WHAT IS BEING ASKED: Range to copy from the entries below: the line containing "我带着两个小朋友一起上来,酒吧还没什么客人,全是他们两个的尖叫声。" through the line containing "C3户型分布于2号楼临街的四", inclusive. Retype only those lines, exactly, without any images.
*** DATA SUPPLIED
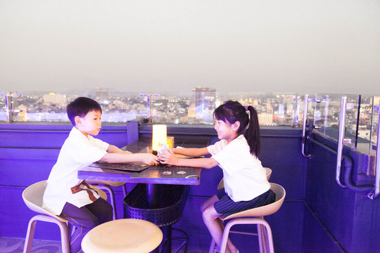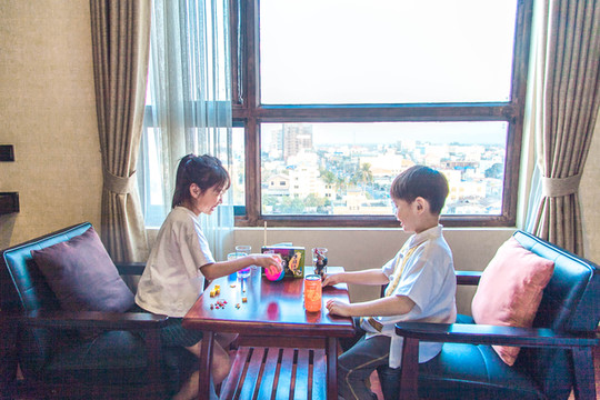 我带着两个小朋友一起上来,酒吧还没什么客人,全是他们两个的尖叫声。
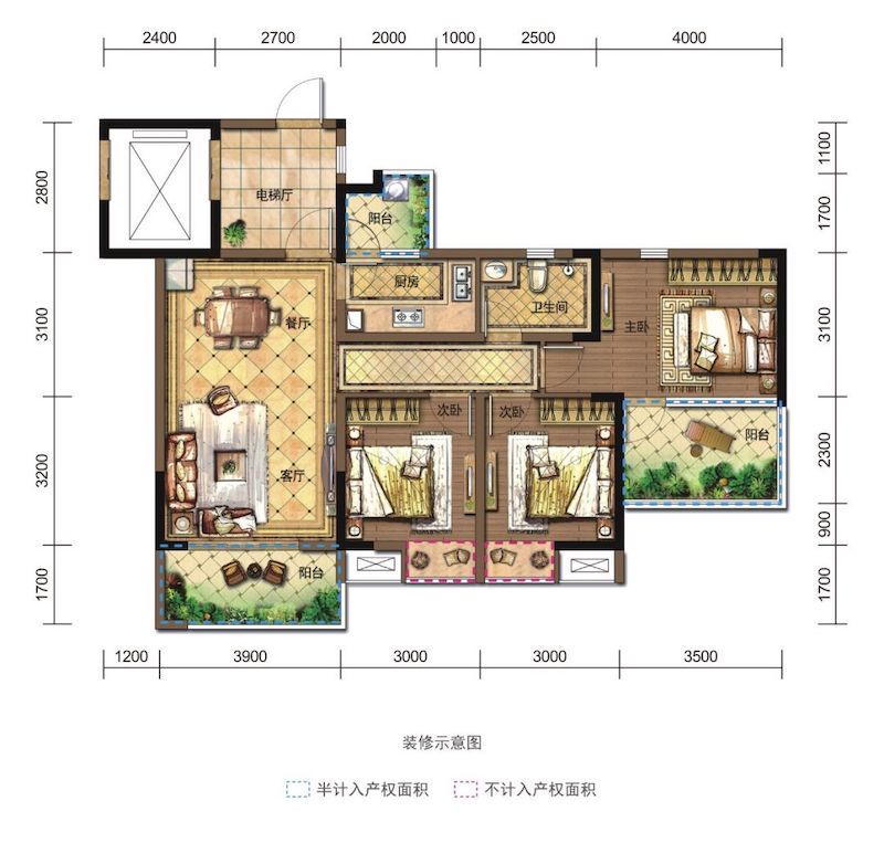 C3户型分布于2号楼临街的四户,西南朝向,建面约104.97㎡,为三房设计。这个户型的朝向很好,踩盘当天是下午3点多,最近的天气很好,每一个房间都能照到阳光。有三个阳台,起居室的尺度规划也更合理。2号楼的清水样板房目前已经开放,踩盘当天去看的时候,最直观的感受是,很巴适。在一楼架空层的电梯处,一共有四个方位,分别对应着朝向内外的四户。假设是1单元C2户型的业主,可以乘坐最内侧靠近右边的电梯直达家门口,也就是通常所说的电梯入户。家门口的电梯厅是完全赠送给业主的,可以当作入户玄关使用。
******
*** DATA SUPPLIED
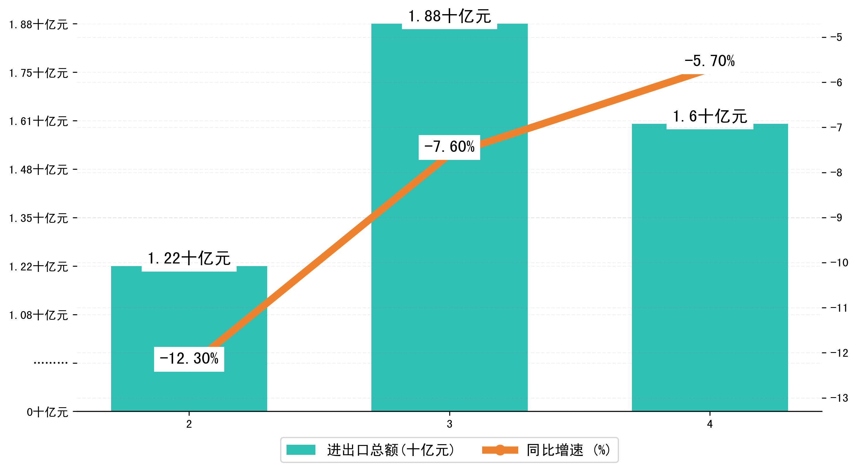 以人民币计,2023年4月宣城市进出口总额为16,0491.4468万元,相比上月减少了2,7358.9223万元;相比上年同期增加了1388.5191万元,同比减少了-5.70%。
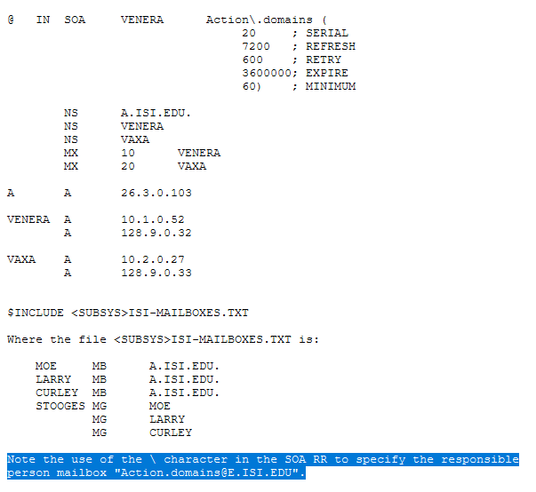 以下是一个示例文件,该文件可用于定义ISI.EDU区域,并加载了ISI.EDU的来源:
******
WRITTEN ANSWER:
 我带着两个小朋友一起上来,酒吧还没什么客人,全是他们两个的尖叫声。
 C3户型分布于2号楼临街的四户,西南朝向,建面约104.97㎡,为三房设计。这个户型的朝向很好,踩盘当天是下午3点多,最近的天气很好,每一个房间都能照到阳光。有三个阳台,起居室的尺度规划也更合理。2号楼的清水样板房目前已经开放,踩盘当天去看的时候,最直观的感受是,很巴适。在一楼架空层的电梯处,一共有四个方位,分别对应着朝向内外的四户。假设是1单元C2户型的业主,可以乘坐最内侧靠近右边的电梯直达家门口,也就是通常所说的电梯入户。家门口的电梯厅是完全赠送给业主的,可以当作入户玄关使用。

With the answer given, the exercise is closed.